**TASK BRIEF:** Copy everything in the listing below word for word, apart from any images.

**DATA SEGMENT:**
_____

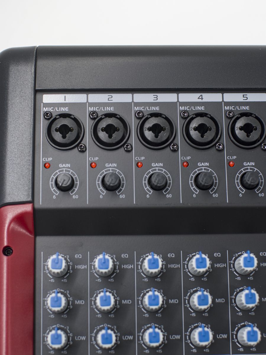 Пульт микшерный, 6 моно, 1 стерео, процессор эффектов, USB MP3, BT, 2 полосный эквалайзер
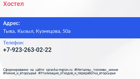 Хостел по адресу Тыва, Кызыл, Кузнецова, 50а в дальнейшем Организация, размещена в следующих категориях:
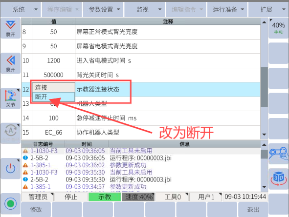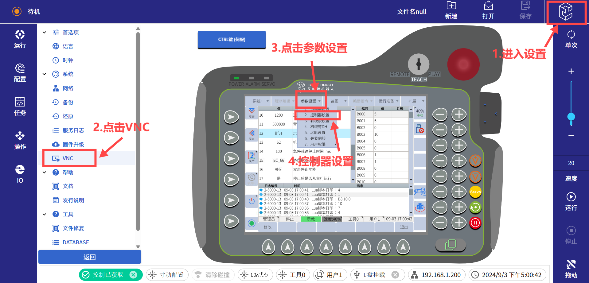 (5)如果機械臂報警提示“機械臂未進入遠程模式”或者“示教器連接狀態未斷開”需進行如下操作(示教器插頭已拔出)。進入網頁版示教器后,需點擊下方獲取控制按鈕,獲取機械臂控制權限,否則機械臂無法操作。然后點擊右上角的設置界面,打開VNC,然后點擊參數設置>控制器設置>示教器連接狀態,把示教器連接狀態改為斷開。
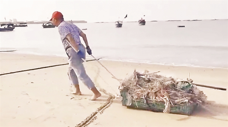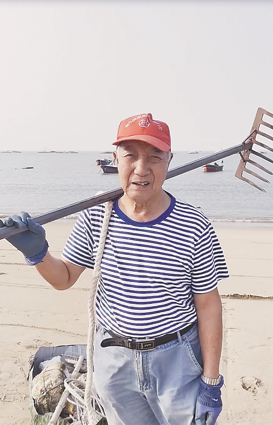 老人叫汪敏江,黑龙江人,今年86岁,退休前是一位工程师。2020年他来海南过冬,住在海南乐东龙栖湾某个度假区,经常在沙滩上散步。“大海是我们的母亲,我们要关心她、爱护她,就要把垃圾源切断。”汪敏江说。埋在沙滩下的废弃渔网,他用钉耙一点一点挖出来;看到废弃的玻璃瓶和贝壳,他掏出随身带的小铲刀跪在沙滩上抠出来;看到丢弃的死鱼烂虾,他戴上手套一个一个捡起来……三年来,汪敏江每天7时至9时、18时至20时,两次到海边沙滩捡垃圾,装到用废铁皮自制的简易垃圾盒里,拖到岸边的绿皮大垃圾箱里。

_____

**OUTPUT OF THE EXERCISE:**
 Пульт микшерный, 6 моно, 1 стерео, процессор эффектов, USB MP3, BT, 2 полосный эквалайзер
 Хостел по адресу Тыва, Кызыл, Кузнецова, 50а в дальнейшем Организация, размещена в следующих категориях:
 (5)如果機械臂報警提示“機械臂未進入遠程模式”或者“示教器連接狀態未斷開”需進行如下操作(示教器插頭已拔出)。進入網頁版示教器后,需點擊下方獲取控制按鈕,獲取機械臂控制權限,否則機械臂無法操作。然后點擊右上角的設置界面,打開VNC,然后點擊參數設置>控制器設置>示教器連接狀態,把示教器連接狀態改為斷開。
 老人叫汪敏江,黑龙江人,今年86岁,退休前是一位工程师。2020年他来海南过冬,住在海南乐东龙栖湾某个度假区,经常在沙滩上散步。“大海是我们的母亲,我们要关心她、爱护她,就要把垃圾源切断。”汪敏江说。埋在沙滩下的废弃渔网,他用钉耙一点一点挖出来;看到废弃的玻璃瓶和贝壳,他掏出随身带的小铲刀跪在沙滩上抠出来;看到丢弃的死鱼烂虾,他戴上手套一个一个捡起来……三年来,汪敏江每天7时至9时、18时至20时,两次到海边沙滩捡垃圾,装到用废铁皮自制的简易垃圾盒里,拖到岸边的绿皮大垃圾箱里。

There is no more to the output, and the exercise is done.